Ces deux documentaires réalisés par Manuel Abramovich suivent des jeunes dans un moment charnière et compliqué de leurs vies, marquant une transition.

 

La Reina, lauréat du Prix du meilleur court-métrage lors du FIFF de 2014, suit la préparation de Maria Emilia Frocalassi. La jeune fille s’apprête à devenir la reine du carnaval.  Elle s’entraîne à porter une imposante couronne, ornée de faux diamants et d’améthystes, et essaie son costume fait sur mesure. Ainsi, on la suit dans ses essayages et dans sa préparation juste avant le défilé. La jeune Maria Emilia ne semble pas prendre plaisir à être habillée, coiffée et maquillée. Au contraire, tout ce rituel semble l’irriter et la mettre mal à l’aise.

 

Soldado, premier long métrage documentaire du réalisateur, suit Juan José Gonzalez, un jeune homme qui fait son école de recrue en Argentine. On le voit découvrir la vie de caserne et son organisation : il apprend à plier ses draps correctement, à saluer ou encore à marcher au pas. Le jeune homme est aussi impliqué dans la fanfare militaire, au sein de laquelle il apprend à jouer du tambour. Juan José découvre une vie différente, qui l’éloigne de son enfance et de ses habitudes. Il semble se transformer au fur et à mesure de sa formation.

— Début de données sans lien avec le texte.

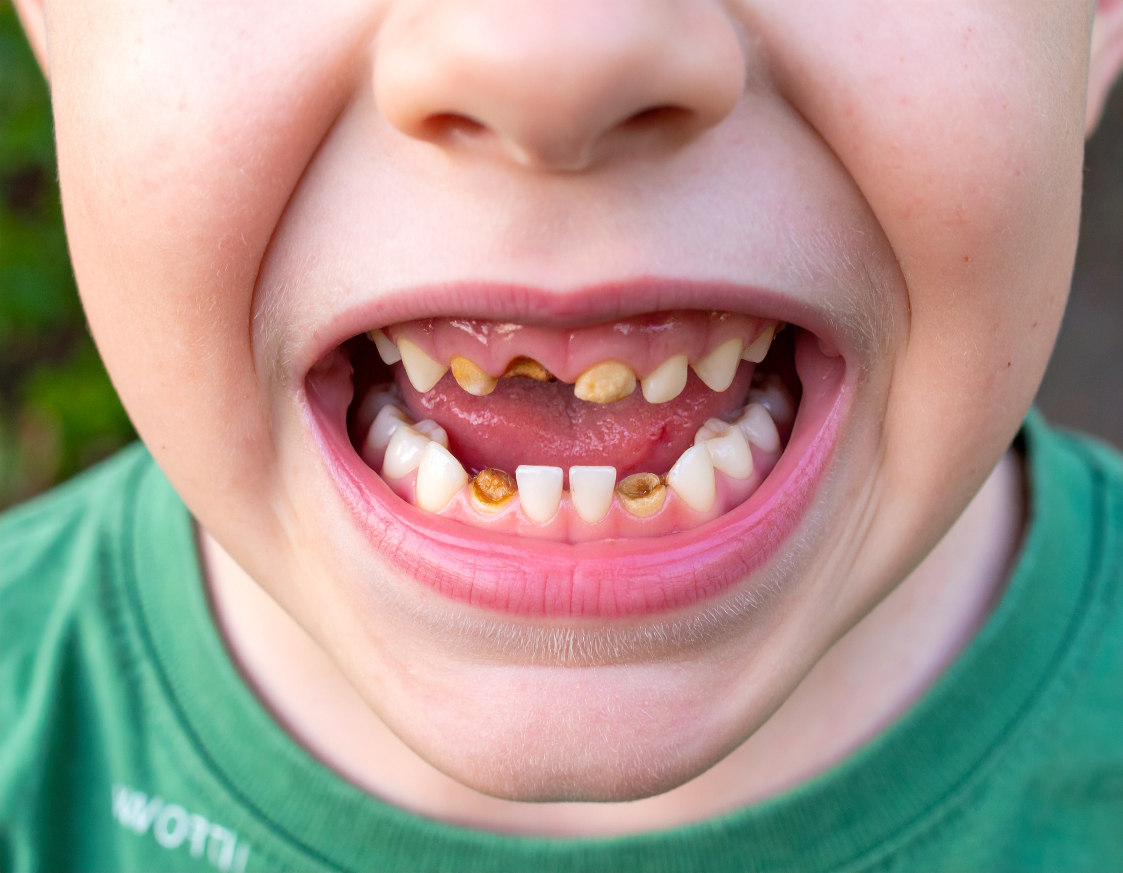 The picture above shows a child with tooth decay in primary teeth (the first set of teeth). Image generated using AI.

La perspective adoptée par le réalisateur pour ces deux documentaires est très intéressante. Il se concentre sur la perception et le vécu des deux jeunes. Les autres personnes apparaissent seulement à travers leurs yeux et n’ont pas de véritable présence. On a donc l’impression de vivre ce qu’ils vivent et de ressentir ce qu’ils ressentent. Dans le premier court-métrage, on a ainsi le sentiment qu’Emilia Maria est la spectatrice de sa vie. Elle est le centre des événements mais n’y participe pas, elle se laisse faire sans vraiment agir. Dans le deuxième, on a l’impression de voir Juan José passer de l’adolescence à la vie adulte, et les réflexions qui l’accompagne.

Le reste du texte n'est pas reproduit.